If there's an insertelement ahead of the extractelement, existing folds should take care of eliminating that.

dneilson updated this revision to Diff 140650.Apr 2 2018, 11:22 AM
  • Following spatel's suggestion -- making the pattern match a little more general by only matching the bitcast + shuffle.
dneilson retitled this revision from [InstCombine] Fold compare of int constant against an integer vector splat to [InstCombine] Fold compare of int constant against a splatted vector of ints.Apr 2 2018, 11:23 AM
dneilson edited the summary of this revision. (Show Details)
spatel added inline comments.Apr 2 2018, 3:20 PM
2470–2475 ↗(On Diff #140650)

Early exit if the bitcast types aren't suitable:

if (!Bitcast->getType()->isIntegerTy() || !Bitcast->getSrcTy()->isIntOrIntVectorTy())
  return nullptr;
2478–2483 ↗(On Diff #140650)

Constant::getSplatValue() ?

2497–2501 ↗(On Diff #140650)

None of this is necessary AFAIK. A splat shuffle will be canonicalized so that the 2nd operand is undef and the mask constant is adjusted to choose from the 1st operand.

2509–2512 ↗(On Diff #140650)

Probably better to handle this part independently in InstSimplify (if it really matters?).
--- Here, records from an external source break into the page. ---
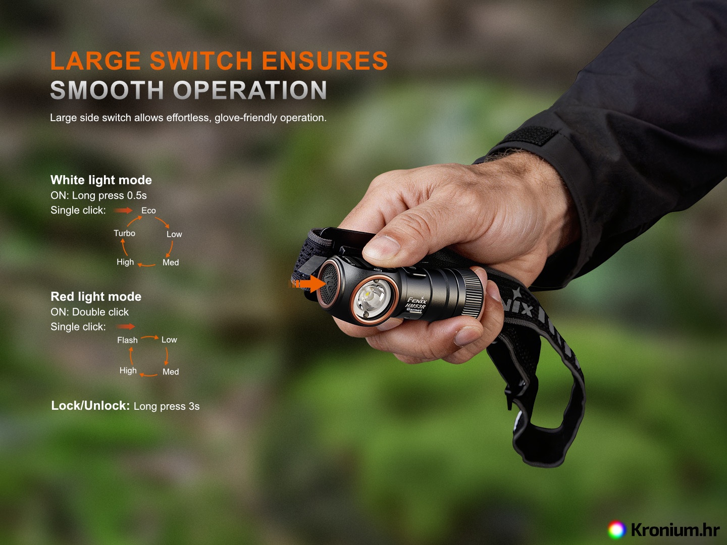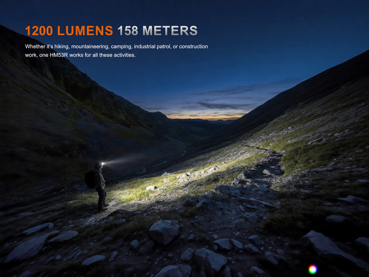 Izuzetno izdržljiva, lagana i prilagođena zahtjevnim korisnicima. Punjiva naglavna svjetiljka Fenix HM53R Garnet je posebno izdanje dizajnirano s naglaskom na vrhunske performanse i maksimalnu praktičnost na terenu. Nudi zasljepljujući svjetlosni tok do 1200 lumena (ANSI) s dometom do 158 metara. Njezina glavna prednost je neutralna nijansa bijele svjetlosti (4500 K), koja pruža vjerniji prikaz boja i znatno bolji kontrast u prirodi.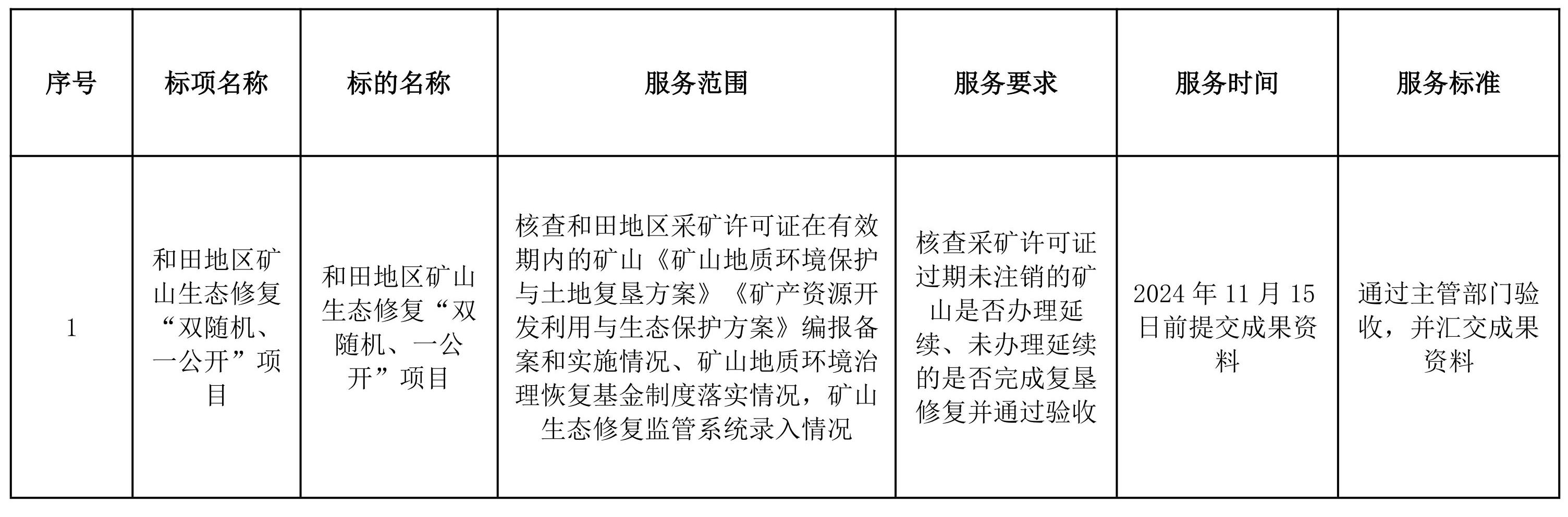 二、項(xiàng)目名稱: 和田地區(qū)礦山生態(tài)修復(fù)“雙隨機(jī)、一公開”項(xiàng)目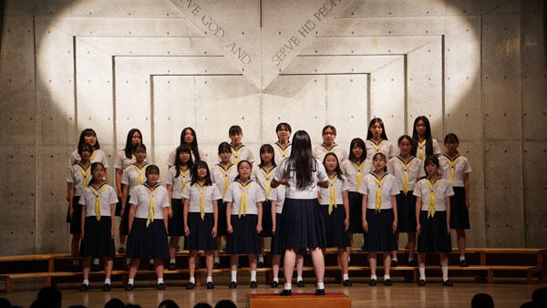 当日は中学1年生から中学3年生までの12クラスが会場のチャペルに集結。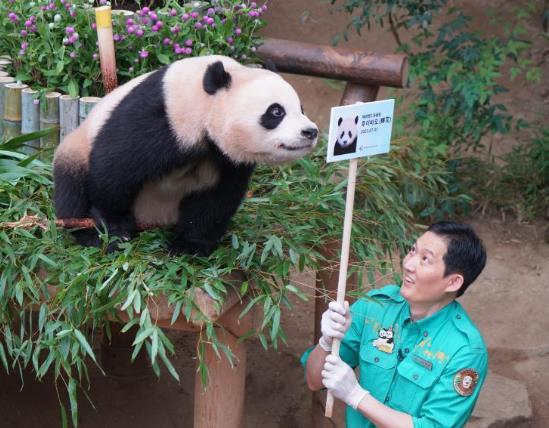 7月7日,在韓國京畿道龍仁市愛寶樂園,大熊貓“睿寶”與飼養(yǎng)員姜哲遠(yuǎn)互動(dòng)。新華社發(fā)(孫一然攝)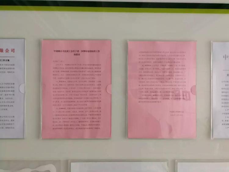 疫情发生以来,公司工会组织快速反应,深入职工,发动职工,奏响了抗击疫情的集结号。迅速向职工转发了《中储棉公司直属工会关于进一步做好疫情防控工作的倡议》《关于加强新型冠状病毒感染肺炎防控工作专项资金使用管理的通知》《新型冠状病毒职工防护知识50问》,迅速将疫情防控知识普及到职工当中,确保人人了解防护知识、人人明晰防护要求,引导职工切实做好自我防护。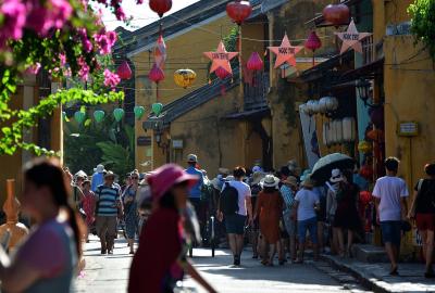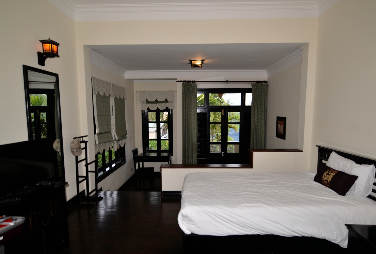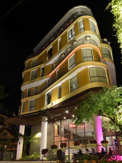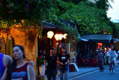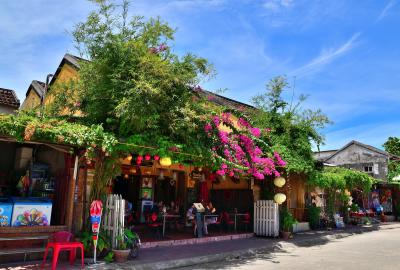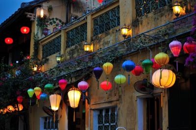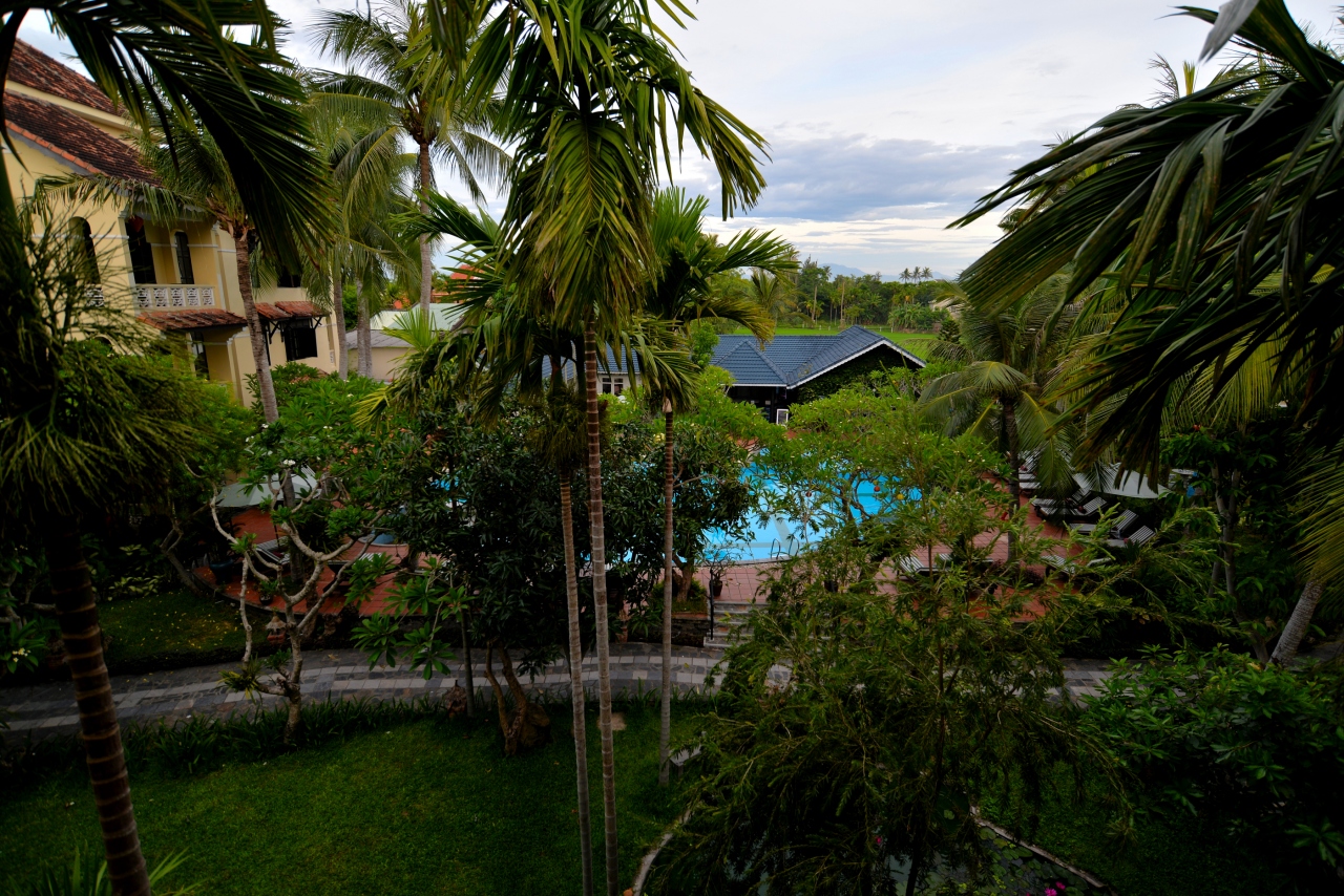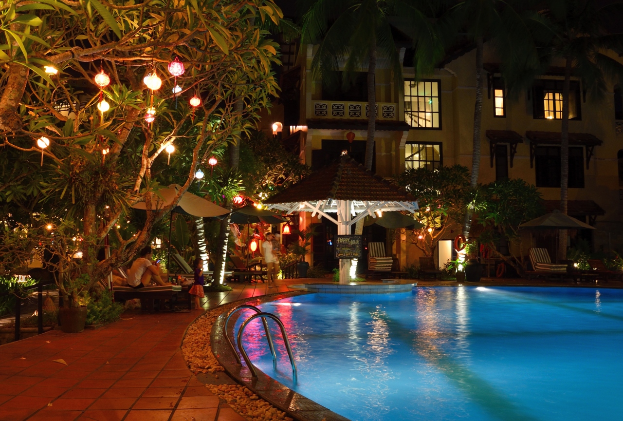 ホイアンの町からは少し離れていますが、ホテルの部屋は何棟かの建物に分かれていて長期滞在にも良いでしょう。夜には庭にランタンが灯っていて静かで良い雰囲気を作っています。プールでは遅くまで泳いでいる観光客もいました。ホテルの前の道路を渡ると飲み物やお菓子類を売っている店があり、その隣にはマッサージの店もありました。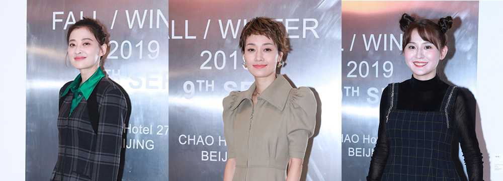 2019年9月9日,北京,IMMI 2019秋冬系列发布会举行。马伊琍穿泡泡袖长裙优雅看秀,和梅婷谈笑风生;梅婷皮肤状态超好,穿格子连衣裙青春美丽。热依扎梳哪吒头化“珍珠泪滴妆”俏皮可爱。

193–201 ↗(On Diff #140650)

This test isn't changing with this patch. Move it to instsimplify if there's no existing coverage?
It would be easier to see the transforms if you check in all of the tests first based on trunk. Then, just run the update script again with this patch in place locally to rebase.

dneilson added inline comments.Apr 3 2018, 6:53 AM
2478–2483 ↗(On Diff #140650)

Completely missed that interface. Thank you! I was not happy with the gymnastics I had to do here; I'm glad there's a better way.

2497–2501 ↗(On Diff #140650)

Right you are. I had in my head, for some reason, that it wasn't getting simplified.

2509–2512 ↗(On Diff #140650)

Seemed like a nice bonus; we've already done all of the heavy lifting doing the match and such here. Replicating that into inst-simplify doesn't seem worth the bother.

dneilson updated this revision to Diff 140789.Apr 3 2018, 7:50 AM
  • Simplify implementation
  • Prune tests (remove redundant & unneccessary); all added tests have now been triple checked that they do not simplify/fold even a single instruction without this patch.
spatel accepted this revision.Apr 3 2018, 9:19 AM

LGTM - see inline comments for more small improvements.

2475–2476 ↗(On Diff #140789)

No need to explicitly set these to nullptr; if the match fails, we don't use those variables.

2482 ↗(On Diff #140789)

Slightly less generic if you name this 'EltTy' or similar to indicate that it's the element's type.

2492–2493 ↗(On Diff #140789)

Less code if we let instcombine handle the replacement:

return new ICmpInst(Pred, Extract, NewC);
12–13 ↗(On Diff #140789)

We should have a test that shows this most basic transform (the extractelt is in the output). I'd also include a test with a shuffle that changes the number of elements, and a test with weird all-in-one:

define i1 @extending_shuffle_with_weird_types(<2 x i9> %v) {
  %splat = shufflevector <2 x i9> %v, <2 x i9> undef, <3 x i32> zeroinitializer
  %cast = bitcast <3 x i9> %splat to i27
  %cmp = icmp slt i27 %cast, 262657 ; 0x040201
  ret i1 %cmp
This revision is now accepted and ready to land.Apr 3 2018, 9:19 AM
dneilson updated this revision to Diff 140817.Apr 3 2018, 10:14 AM
  • Final updates suggested. Just updating the differential review to match what will be landed.
This revision was automatically updated to reflect the committed changes.